А я хочу быть и являюсь законом для других… вы отправляетесь в суд, словно на войну, держа язык наизготове, как оружие. Вы направляетесь туда, награбив предварительно денег, изнасиловав женщин, отравив друзей, совершив святотатство, назанимавшись вдосталь сводничеством, запятнав себя множеством преступлений…
Разве я могу смеяться, видя как жена отравителя держит в объятиях ребенка, как у детей отнимают их состояние, как муж лишается его в браке, как насилуют ночью девушку, как гетера, еще не ставшая женщиной, отдается мужчине, как бесстыдный мальчишка, один, становится любовником всего города… И сама добродетель наполнит мои глаза слезами, если ей предпочтут порок…
Вы выстраиваете друг против друга фаланги и жаждете, чтобы человек убил человека, наказывая как дезертиров тех, кто не запятнал себя убийством, и превознося того, кто больше всего пролил крови»1.

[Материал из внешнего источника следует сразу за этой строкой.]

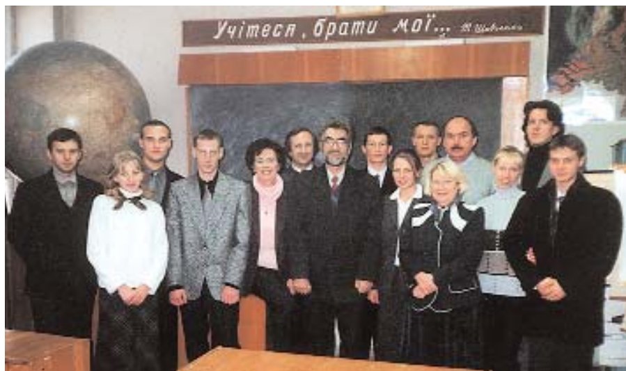
Викладачі кафедри фотограмметрії та геоінформатики зі студентами
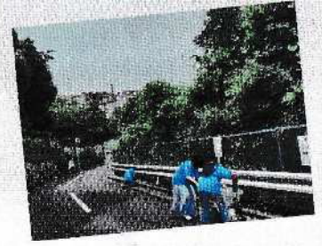
6/16鎌倉白山坂自治会清掃
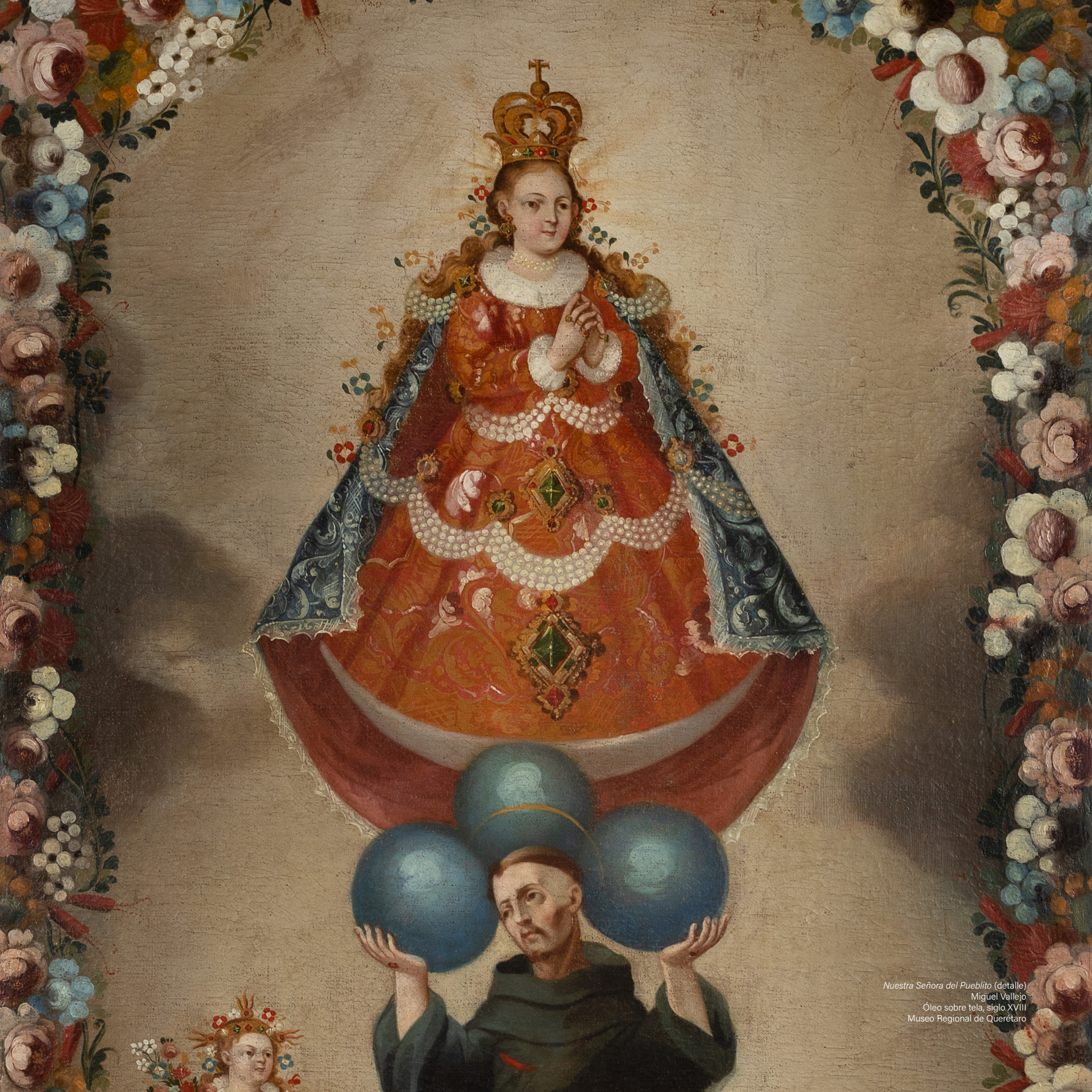
Nuestra Señora del Pueblito (detalle) Miguel Vallejo Óleo sobre tela, siglo XVIII Museo Regional de Querétaro

Кто здесь прав – эфесцы, которые изгоняют философа за то, что он ненавидит порочных людей, или философ, бескомпромиссно утверждающий высокую нравственную позицию в качестве критерия истинного поведения и общего закона? Гераклит настолько тверд в своей философской истине, что даже на просьбу царя Дария приехать к нему во дворец для приобщения к учению Гераклита и эллинскому образованию отвечал, что сколько ни есть людей на земле, истины и справедливости они чуждаются. Поэтому и не приеду я в персидскую землю2. Что же определяет твердость и последовательность духовной позиции Гераклита? Это – знание философской истины, как истины цивилизационной, и уверенность в том, что масса людей нарушает эту истину. Но масса людей противостоит философу в своей уверенности обладания истиной жизни. Философа изгоняют из города. Но философ виновен, поскольку он ненавидит людей. Разве он не заслуживает изгнания? Но ведь можно считать, что он ненавидит не самих людей, а их пороки, и хочет спасения людей. Исправление людей – это их спасение. Но каким образом происходит исправление людей, если им нравится то, что они делают?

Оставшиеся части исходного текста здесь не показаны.